I breathe in the world. Unaware of the reverence until now. If I breathe in the world, it ought to be of supreme harmony. The world breathed in nourishes me or, depending on its density, pollutes me. When I breathe out the world, I do so in gratitude, to share it with others. The world, having traveled through the universe I am, undoubtedly contains me in the exhale. Contains my essence. And in the fragment of stillness before inhaling again, I am dead. Empty of anyone and anything. All notions suspended like stars out of reach. All names unnamed. This death, fraction of a pause, becomes the bridge for the new breath to rise over me. And so with each inhale the sun rises and with each exhale it sets inside, while outside of me the process is the same, but slowed down. Each inhale is the world transformed in me through spiral-like inward vacuum motion.

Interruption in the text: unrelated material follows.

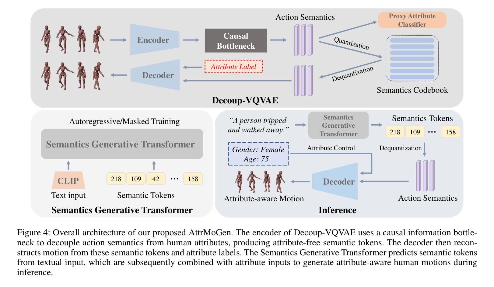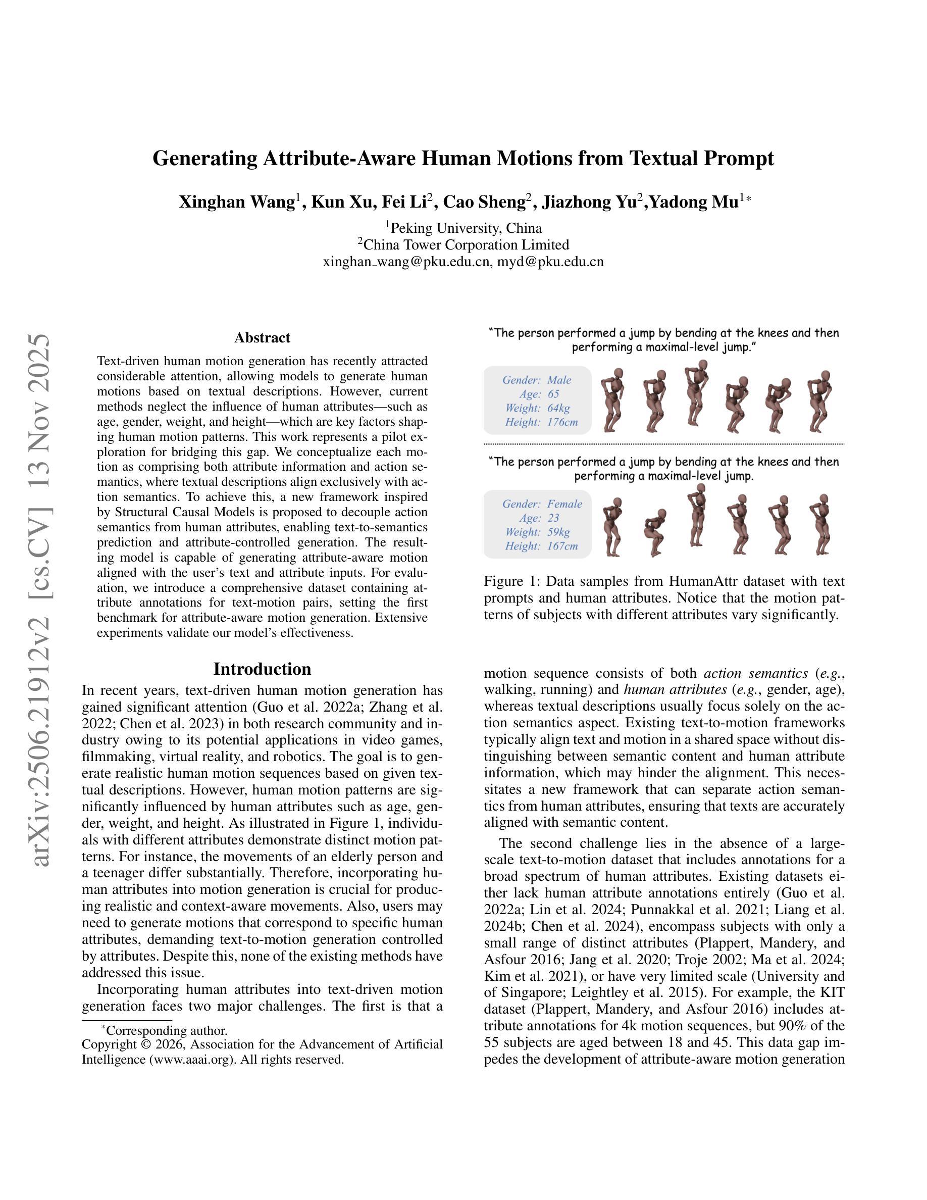 文本驱动的人类运动生成近期引起了广泛的关注,它允许模型基于文本描述生成人类运动。然而,当前的方法忽视了人类属性(如年龄、性别、体重和身高)的影响,这些属性是塑造人类运动模式的关键因素。这项工作是对缩小这一差距的初步探索。我们将每种运动概念化为属性信息和动作语义的组合,文本描述只与动作语义相对应。为实现这一点,受结构因果模型的启发,我们提出了一个新的框架,将动作语义与人类属性解耦,实现文本到语义的预测和属性控制生成。所得模型能够根据用户的文本和属性输入,生成与之相符的属性感知运动。为了评估,我们引入了一个综合数据集,其中包含文本与运动对属性的注解,为属性感知运动生成设置了第一个基准。大量实验验证了我们的模型的有效性。

Hence, the world I breathe in should be of supreme beauty and harmony. Beauty and harmony is exhaled by the weightless wanderer. It is his playtime to transform the world during the inhale, for knowing the secrets of the breath he becomes the supreme transformer. This is the art of breathing breathlessly.
Become like the blade of grass, which the strongest of winds can't uproot. Swaying to and fro. You dance between opposite trains. And when the wind quiets down, and the trains have passed into two horizons, one on each side of you, you become still. The blade of grass which became a bridge to stillness.
God, give me what I do not know I need most.